For machine failure (not just process/power loss), replicate: ship the record to followers and ack only once N of them have it on durable storage. Note the subtle layer below fsync — a disk’s own write cache can still hold data in volatile RAM unless write barriers / FUA are honoured.

Cost

Signal	What it costs / buys you
fsync latency	The durability tax. SSD ~tens of µs to a few ms; HDD seek+rotate is ms. Every commit pays it unless batched.
Throughput vs durability	Group commit / fewer flushes → higher throughput, but a bigger window of writes that vanish on a crash.
Durability scope	A single-node fsync survives process crash, OS crash and power loss. It does not survive that machine dying — replication does.
Missing fsync	Acking from the page cache is fast and feels fine in testing — until a power cut silently drops acknowledged writes.

Watch out for

Acking before fsync. Returning success from the page cache is fast, but a power loss drops those committed writes. This is the classic post-mortem: “we lost data after the outage.”
fsync vs fdatasync — and the directory. fdatasync skips metadata; fine for an existing file’s data.
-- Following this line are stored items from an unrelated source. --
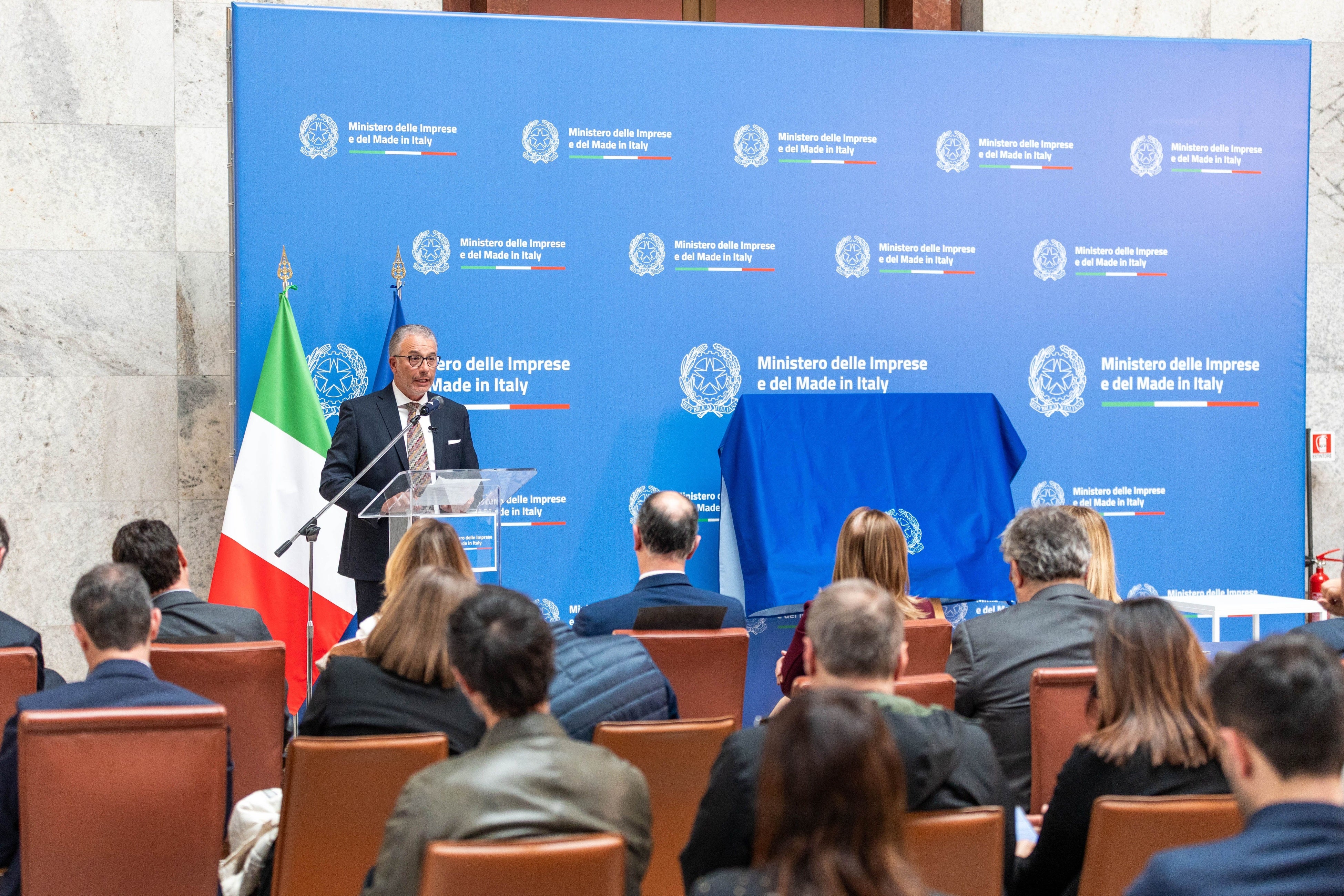 本イベントは、企業・メイドインイタリー省本部であるパラッツォ・ピアチェンティーニ内のサラ・デッリ・アラッツィにて開催され、首席補佐官フェデリコ・アイヒベルク氏、郵趣担当国務次官ファウスタ・ベルガモット氏、参加ブランドの代表団、ならびにマセラティCOO兼アルファ ロメオCEOサント・フィチーリが出席しました。
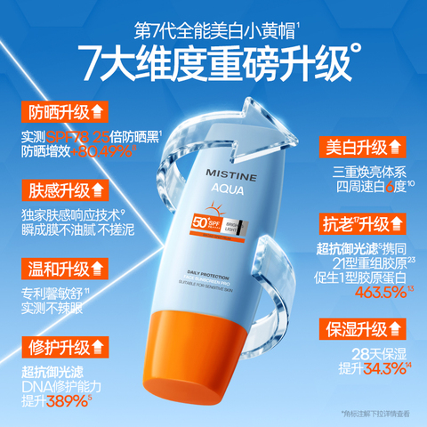 Mistine蜜丝婷防晒霜美白小黄帽 【售价】:¥164.40 【券后】:¥89.40 【优惠券】:¥75 推荐理由:【爆款推荐】大牌美妆品牌,持久防晒,轻薄水润,滋润自然,美白不油腻,清香萦绕,呵护你的美丽夏天【赠运费险】 👉复制这条信息打开【手机淘宝APP】即可领券购买:/
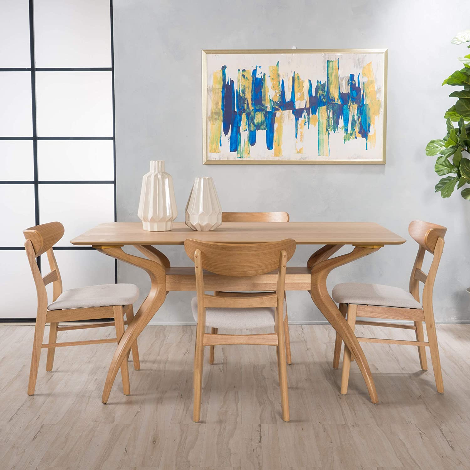 Christopher Knight Home Idalia Curved Leg Rectangular Dining Set, 5-Pcs Set, Natural Walnut / Mint

But for a newly created file you must also fsync the containing directory, or the file may not exist after a crash.
The disk lied. A drive or controller write cache can ignore fsync and ack from its own volatile RAM unless write barriers / FUA are honoured. Then even a “correct” fsync loses data on power loss.
Replication-to-memory isn’t durability. If all replicas only hold the write in RAM, a correlated power loss (whole rack, whole AZ) loses it. Something, somewhere, must have fsync’d it.
Swallowed fsync errors (“fsyncgate”). A failed fsync can drop the dirty data, and on some kernels the error doesn’t resurface on retry. Treat an fsync error as fatal for that data.

Worked example

A write reaches the page cache and power dies before fsync. The record is gone — but the client was never acked, so correctness holds: from its point of view the write never committed, and it can safely retry.

Re-run it. This time the record is appended and fsync returns, so it’s on stable storage. Power dies before the ack reaches the client. The client is in doubt (did it commit?), so it retries. On restart, recovery replays the WAL and the write is present. Because the write carries the same idempotency key, the retry is a no-op — no duplicate. Durability held; the client just couldn’t tell.

crash BEFORE fsync:  in page cache → LOST, but never acked  → safe to retry
crash AFTER  fsync:  on stable WAL → SURVIVES (replayed)    → in-doubt, retry idempotently
crash AFTER  ack:    on stable WAL → guaranteed present

Check yourself

Your database calls write() to its log file and immediately acks the client, planning to fsync later in a batch. The machine loses power before that batch fsync. What happens to the acked writes?

A leader replicates each write to two followers and acks once both have it in memory. None of the three has fsync’d yet when a power event takes down the whole rack. Was that write durable?